YOUR ASSIGNMENT.
Copy the listing below exactly. Pictures stay out of it.
-=-=-=-=-
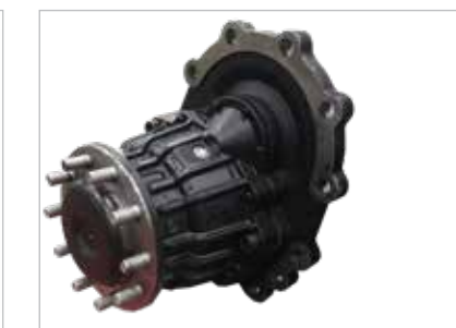
Rugged and durable twin drive axle

There are 3 to 5 double-sided discs per wheel. Discs are submerged in oil, keeping them cool and limiting wear. The Doosan ODB system is completely enclosed and sealed from outside contaminants protecting the inner workings of the brake system from dirt, water, shrink wrap and broken pallets. Oil cooled disc brakes have a 5 times longer service interval than conventional shoe brakes and are virtually maintenance-free.
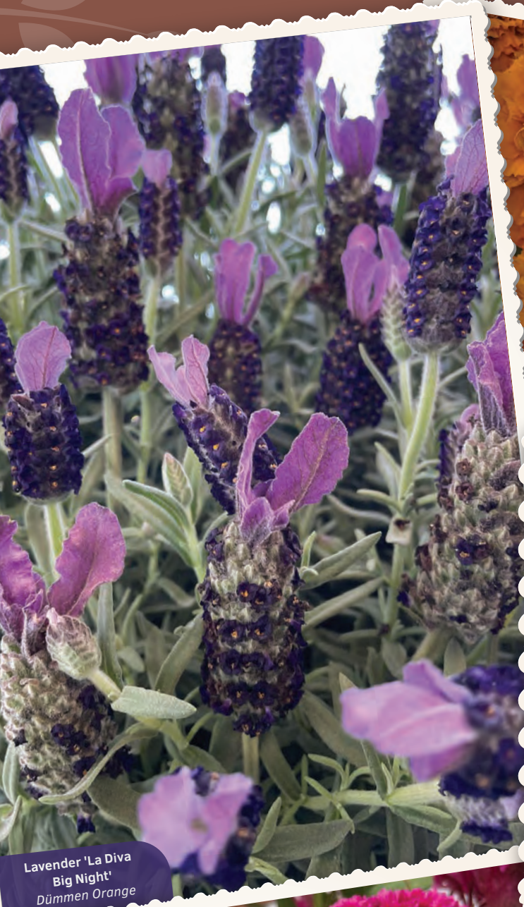
Lavender 'La Diva Big Night' Dümmen Orange

On display at Syngenta Flowers was Think Plants' 'Layla Blue' lavender, which is bred by Danziger , is first-year flowering, requires little to no PGRs and is highly fragrant.
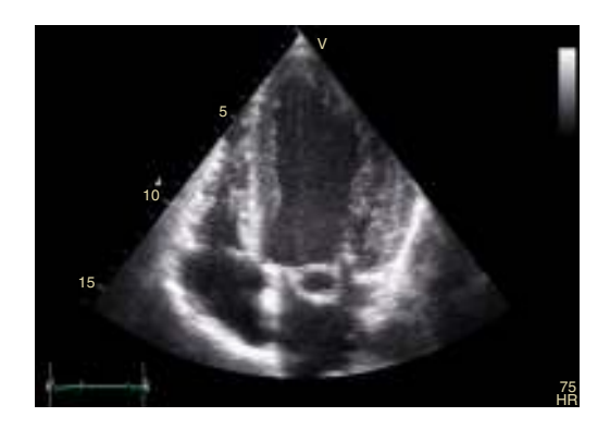
Figure 1 Transthoracic echocardiogram, 4-chamber apical view, showing the aneurysmal sac of the anterior mitral valve leaflet.

A 52-year-old man presented to our emergency department with shortness of breath. He reported exertional dyspnea for the past five years which had worsened recently. He reported no weight loss, fever or poor appetite. His past medical history was noncontributory. The physical exam revealed a diastolic murmur best heard in the aortic area. Echocardiography showed a mildly enlarged left ventricle
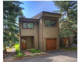
Under Contract by East Vail Team 44 Courtside $985,000- asking price 3 bedrooms & private setting
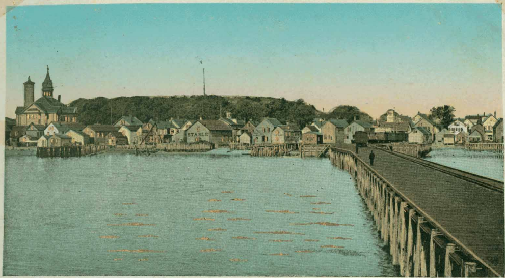
Town Hill, "Site of proposed Pilgrim Monument", Provincetown, Mass.

Made in Germany: Provincetown Advocate, Provincetown, Mass. (15955)
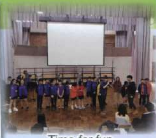
Time for fun
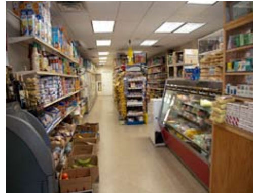
Excellent store for all your basic food needs.
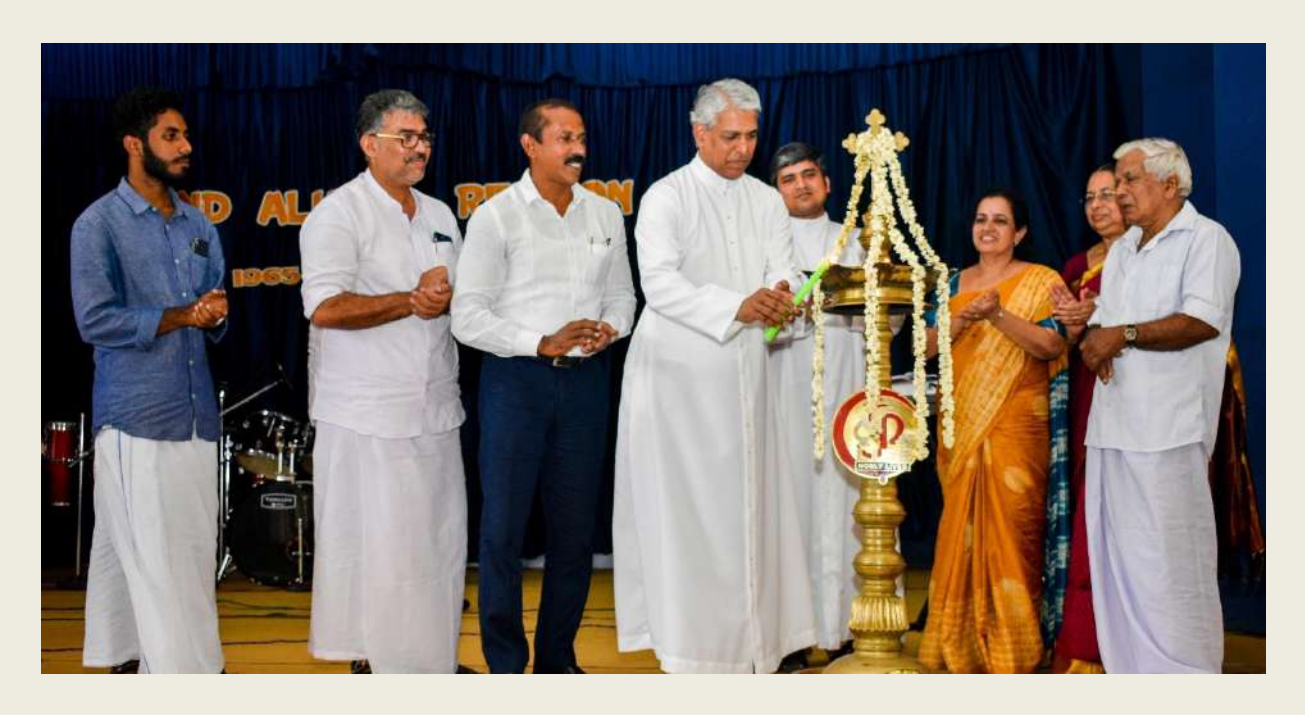
XIV Eminent Persons who visited the College during the year
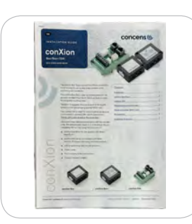
icon docs. in hard copy Starter-Kit/conXion-Installation Guide/icon-User Manual
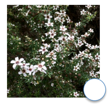
Manuka / Tea Tree
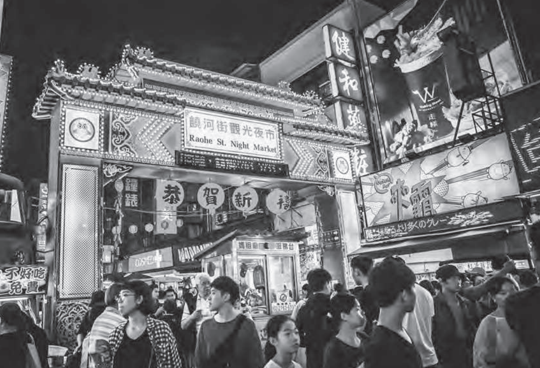
The Raohe Street Night Market is one of the oldest night markets in Taiwan.

Over the three weeks we were in Taiwan, students observed, documented, and analyzed a wide range of urban spaces, buildings, landmarks, and people to develop a deeper understanding of the city's physical and social fabric.
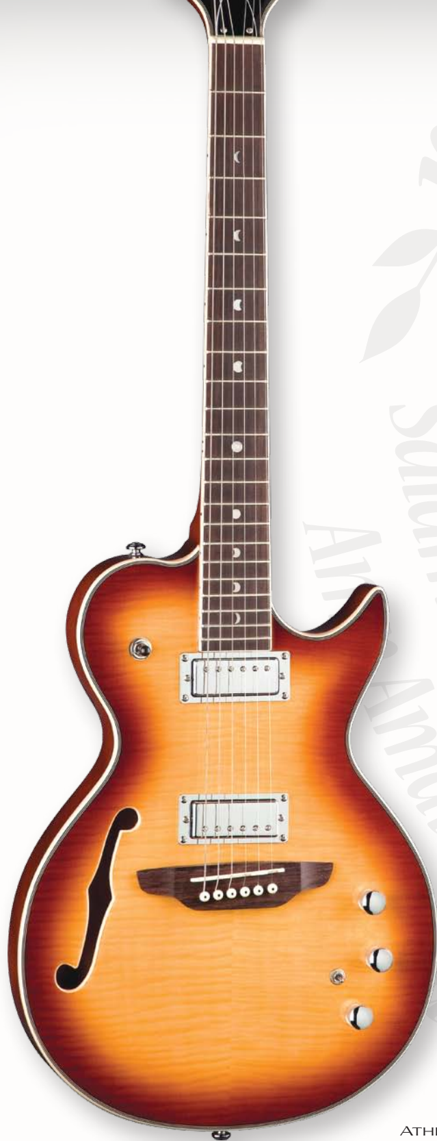
ATHENA HYBRID TOBACCO BURST FLAME
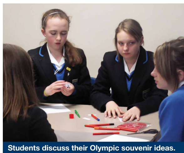
Students discuss their Olympic souvenir ideas.

They went on to the final of the event, competing against other Harris Federation schools, where they were just pipped to the post for top spot.
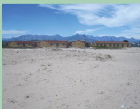
Cwayita land at the beginning
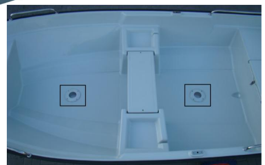
2x sockets for the foot of the chair
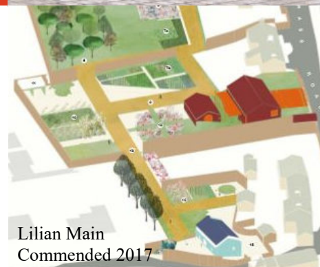
Lilian Main Commended 2017
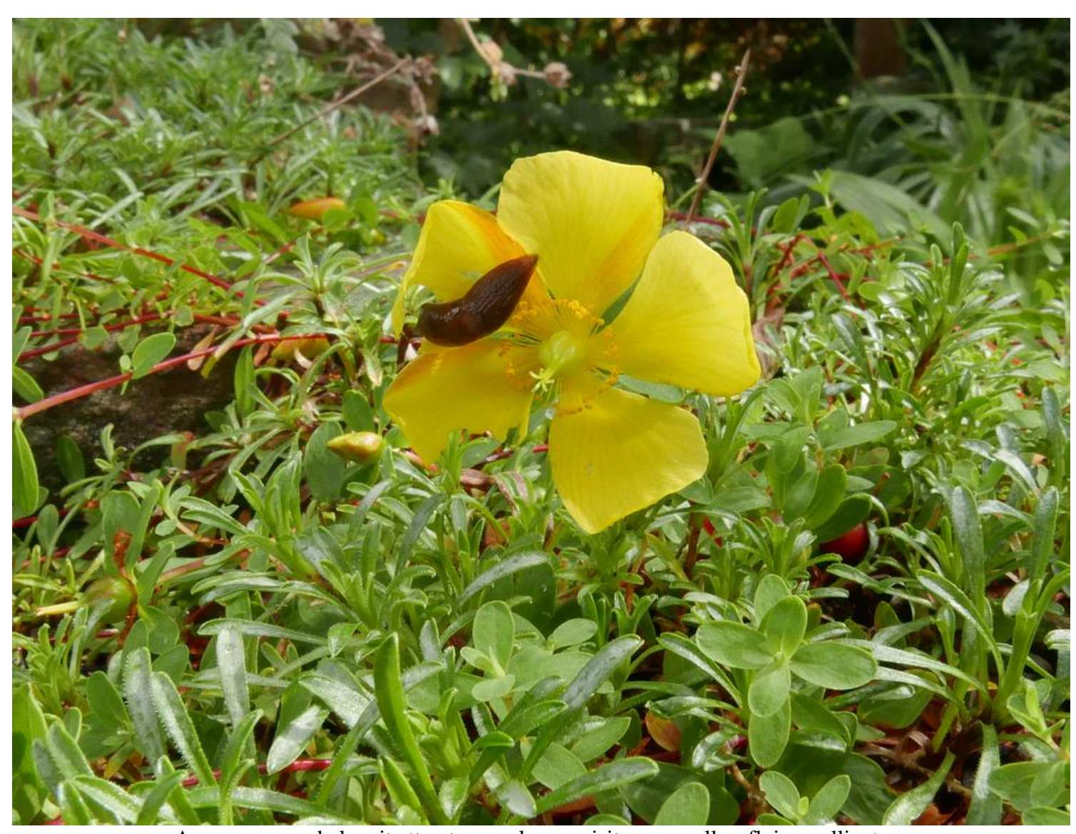
As you can see below it attracts unwelcome visitors as well as flying pollinators.

Another plant with the same spreading mat-type growth, Hypericum reptans, shares the same slab bed and flowers around the same time - this one is bright yellow. It flowers over a very long period with a constant display of flowers and attractive buds that will keep going until the winter really sets in.
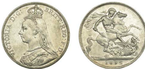
329 Crown, 1892 (ESC 2592 [302]; S 3921). Cleaned, otherwise about extremely fine
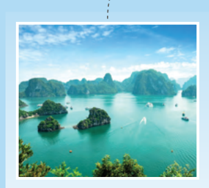
JOURNEY THROUGH VIETNAM

JAN 26 - FEB 13, 2023 South Africa, Namibia
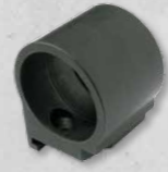
CEU Low Rise ring Ring for CEU. Fits on TwistMount Base. 30 mm height of optical axis Art. No. 12202
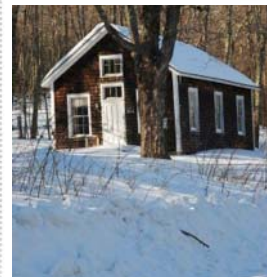
School In Winter

You are welcome to attend monthly board meetings of the MWHS. Meetings are held the second Tuesday of each month at 6 pm at the Town Hall. Come see, come learn and come help.
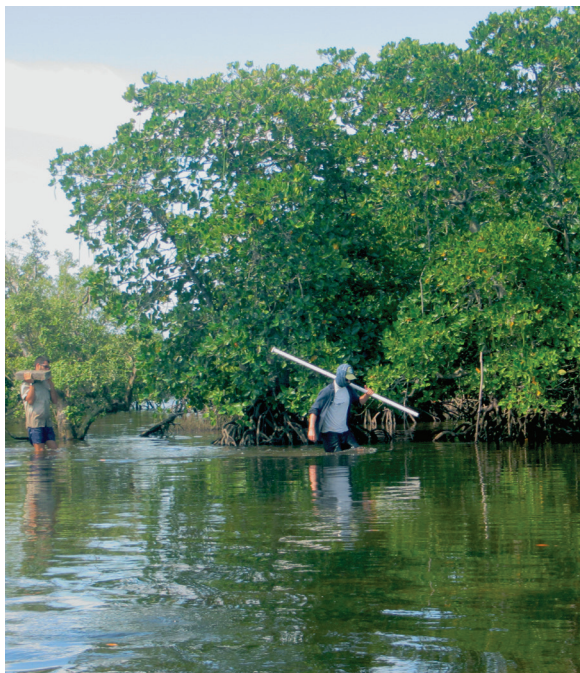
SIF staff transporting the equipment through the rough terrain

allows the separation of changes in water level related to the incoming tides from changes caused by rainfall.
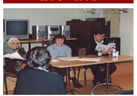
At the museum's book presentation, the Jewish Community, September 2004.

The set of bibliographical directory books was prolonged this year. Following the first index covering the period of 1985 - 1989, this second index, covering the years 1990and 1991 has appeared. In this index the reference to every article concerning Jewish issues (grouped by content), which has appeared during this period in the Lithuanian press, can be found, which makes it an especially valuable tool for research. Each reference consists of a short and precise summary of the articles' content
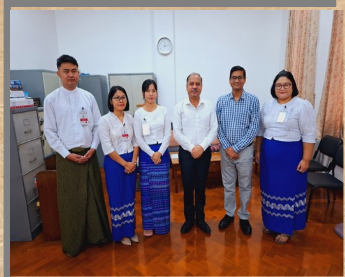
Briefing session with ITEC participants

In keeping with the Ministry’s policy of sharing latest developments through capacity building offerings through ITEC, “human rights and good governance” is being included as a new stream of courses. NHRC, India conducted the training program for senior officials/officers of NHRIs/human rights related organizations, focusing on neighborhood, Africa, SE Asia, Central Asia and LAC regions. A Briefing session was held on 08 Nov 2024 for 4-Myanmar participants from Myanmar Human Rights Commission.
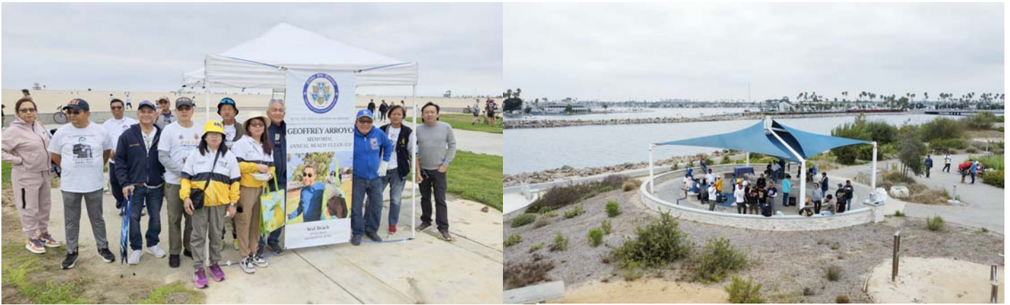
Left photo: APOGLA volunteers getting ready to do the beach cleanup of the Seal Beach bay Right photo: Aerial shot of the nearby adjacent park overlooking the San Gabriel River and Alamitos Bay Marina and site of the APOGLA September General Membership Meeting.

Vol 44 Issue 9 OFFICIAL PUBLICATION OF THE ALPHA PHI OMEGA GREATER LOS ANGELES ALUMNI ASSOCIATION October 2024
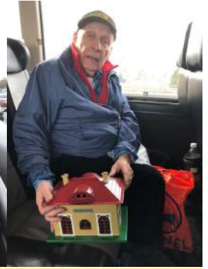
READY TO ROLL AND A BIT OF SHOW 'N TELL
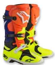
ORANGE FLUO BLUE WHITE YELLOW FLUO // 475
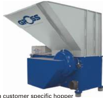
GAZ 62 with customer specific hopper
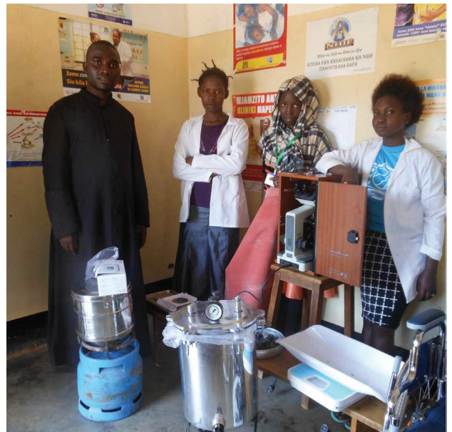
Showing the purchased medical equipment for St. Vincent Businde Catholic Dispensary, Kayanga Catholic Diocese.
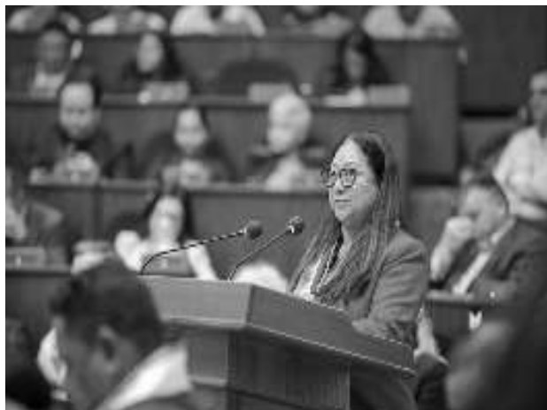
Minister of Amerindian Affairs Pauline Sukhai addressing the opening of the 2025 NTC Conference

From multi-billion-dollar sector investments to direct community grants, the 2025 NTC Conference highlighted the PPP/C Government’s proven track record of inclusion, action, and Indigenous empowerment. As President Ali reminded the leaders, “This is not
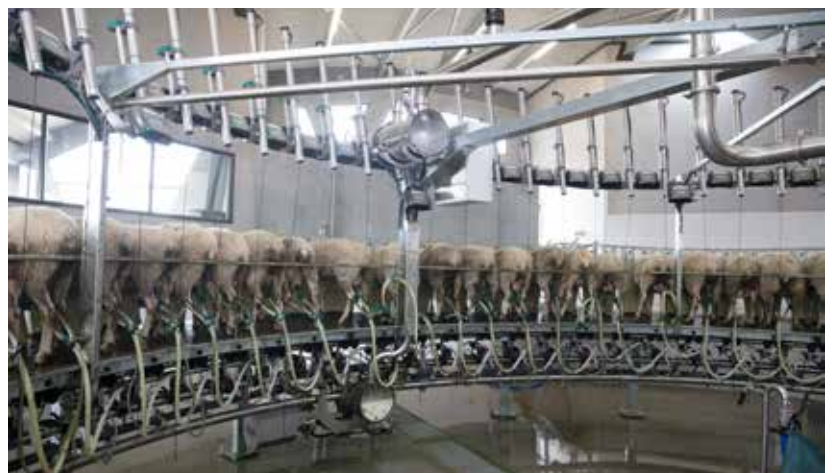
Electronics are mounted on the upper structure to protect from water.
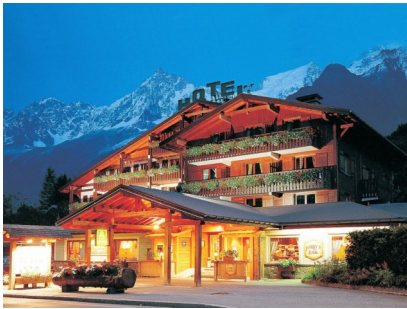
Hotel du Bois

This trip stays at the Hotel du Bois, an attractive alpine chalet in the village of Les Houches, a few kilometres from Chamonix which can easily be reached by local bus. It makes a great base for accessing some of the most beautiful walking in the Alps. The hotel's restaurant serves French cuisine and wine and there is a cosy bar with outside seating where you can enjoy a drink in the sunshine; an ideal spot to wind down after a day walking. The large garden has wonderful views of Mont Blanc and the Chamonix Valley and the hotel has a heated indoor pool and a sauna.
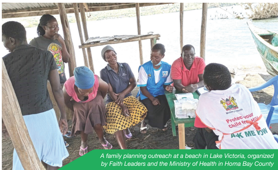
A family planning outreach at a beach in Lake Victoria, organized by Faith Leaders and the Ministry of Health in Homa Bay County
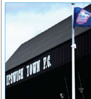
Ipswich Town are in Bucks (PA)

WYCOMBE are about to embark on their toughest month of the season as they face the current top three teams in League One, starting with the visit of leaders Ipswich Town to Adams Park on Saturday, December 17.
-=-=-=-=-
TASK RESPONSE.
Rugged and durable twin drive axle

There are 3 to 5 double-sided discs per wheel. Discs are submerged in oil, keeping them cool and limiting wear. The Doosan ODB system is completely enclosed and sealed from outside contaminants protecting the inner workings of the brake system from dirt, water, shrink wrap and broken pallets. Oil cooled disc brakes have a 5 times longer service interval than conventional shoe brakes and are virtually maintenance-free.
Lavender 'La Diva Big Night' Dümmen Orange

On display at Syngenta Flowers was Think Plants' 'Layla Blue' lavender, which is bred by Danziger , is first-year flowering, requires little to no PGRs and is highly fragrant.
Figure 1 Transthoracic echocardiogram, 4-chamber apical view, showing the aneurysmal sac of the anterior mitral valve leaflet.

A 52-year-old man presented to our emergency department with shortness of breath. He reported exertional dyspnea for the past five years which had worsened recently. He reported no weight loss, fever or poor appetite. His past medical history was noncontributory. The physical exam revealed a diastolic murmur best heard in the aortic area. Echocardiography showed a mildly enlarged left ventricle
Under Contract by East Vail Team 44 Courtside $985,000- asking price 3 bedrooms & private setting
Town Hill, "Site of proposed Pilgrim Monument", Provincetown, Mass.

Made in Germany: Provincetown Advocate, Provincetown, Mass. (15955)
Time for fun
Excellent store for all your basic food needs.
XIV Eminent Persons who visited the College during the year
icon docs. in hard copy Starter-Kit/conXion-Installation Guide/icon-User Manual
Manuka / Tea Tree
The Raohe Street Night Market is one of the oldest night markets in Taiwan.

Over the three weeks we were in Taiwan, students observed, documented, and analyzed a wide range of urban spaces, buildings, landmarks, and people to develop a deeper understanding of the city's physical and social fabric.
ATHENA HYBRID TOBACCO BURST FLAME
Students discuss their Olympic souvenir ideas.

They went on to the final of the event, competing against other Harris Federation schools, where they were just pipped to the post for top spot.
Cwayita land at the beginning
2x sockets for the foot of the chair
Lilian Main Commended 2017
As you can see below it attracts unwelcome visitors as well as flying pollinators.

Another plant with the same spreading mat-type growth, Hypericum reptans, shares the same slab bed and flowers around the same time - this one is bright yellow. It flowers over a very long period with a constant display of flowers and attractive buds that will keep going until the winter really sets in.
329 Crown, 1892 (ESC 2592 [302]; S 3921). Cleaned, otherwise about extremely fine
JOURNEY THROUGH VIETNAM

JAN 26 - FEB 13, 2023 South Africa, Namibia
CEU Low Rise ring Ring for CEU. Fits on TwistMount Base. 30 mm height of optical axis Art. No. 12202
School In Winter

You are welcome to attend monthly board meetings of the MWHS. Meetings are held the second Tuesday of each month at 6 pm at the Town Hall. Come see, come learn and come help.
SIF staff transporting the equipment through the rough terrain

allows the separation of changes in water level related to the incoming tides from changes caused by rainfall.
At the museum's book presentation, the Jewish Community, September 2004.

The set of bibliographical directory books was prolonged this year. Following the first index covering the period of 1985 - 1989, this second index, covering the years 1990and 1991 has appeared. In this index the reference to every article concerning Jewish issues (grouped by content), which has appeared during this period in the Lithuanian press, can be found, which makes it an especially valuable tool for research. Each reference consists of a short and precise summary of the articles' content
Briefing session with ITEC participants

In keeping with the Ministry’s policy of sharing latest developments through capacity building offerings through ITEC, “human rights and good governance” is being included as a new stream of courses. NHRC, India conducted the training program for senior officials/officers of NHRIs/human rights related organizations, focusing on neighborhood, Africa, SE Asia, Central Asia and LAC regions. A Briefing session was held on 08 Nov 2024 for 4-Myanmar participants from Myanmar Human Rights Commission.
Left photo: APOGLA volunteers getting ready to do the beach cleanup of the Seal Beach bay Right photo: Aerial shot of the nearby adjacent park overlooking the San Gabriel River and Alamitos Bay Marina and site of the APOGLA September General Membership Meeting.

Vol 44 Issue 9 OFFICIAL PUBLICATION OF THE ALPHA PHI OMEGA GREATER LOS ANGELES ALUMNI ASSOCIATION October 2024
READY TO ROLL AND A BIT OF SHOW 'N TELL
ORANGE FLUO BLUE WHITE YELLOW FLUO // 475
GAZ 62 with customer specific hopper
Showing the purchased medical equipment for St. Vincent Businde Catholic Dispensary, Kayanga Catholic Diocese.
Minister of Amerindian Affairs Pauline Sukhai addressing the opening of the 2025 NTC Conference

From multi-billion-dollar sector investments to direct community grants, the 2025 NTC Conference highlighted the PPP/C Government’s proven track record of inclusion, action, and Indigenous empowerment. As President Ali reminded the leaders, “This is not
Electronics are mounted on the upper structure to protect from water.
Hotel du Bois

This trip stays at the Hotel du Bois, an attractive alpine chalet in the village of Les Houches, a few kilometres from Chamonix which can easily be reached by local bus. It makes a great base for accessing some of the most beautiful walking in the Alps. The hotel's restaurant serves French cuisine and wine and there is a cosy bar with outside seating where you can enjoy a drink in the sunshine; an ideal spot to wind down after a day walking. The large garden has wonderful views of Mont Blanc and the Chamonix Valley and the hotel has a heated indoor pool and a sauna.
A family planning outreach at a beach in Lake Victoria, organized by Faith Leaders and the Ministry of Health in Homa Bay County
Ipswich Town are in Bucks (PA)

WYCOMBE are about to embark on their toughest month of the season as they face the current top three teams in League One, starting with the visit of leaders Ipswich Town to Adams Park on Saturday, December 17.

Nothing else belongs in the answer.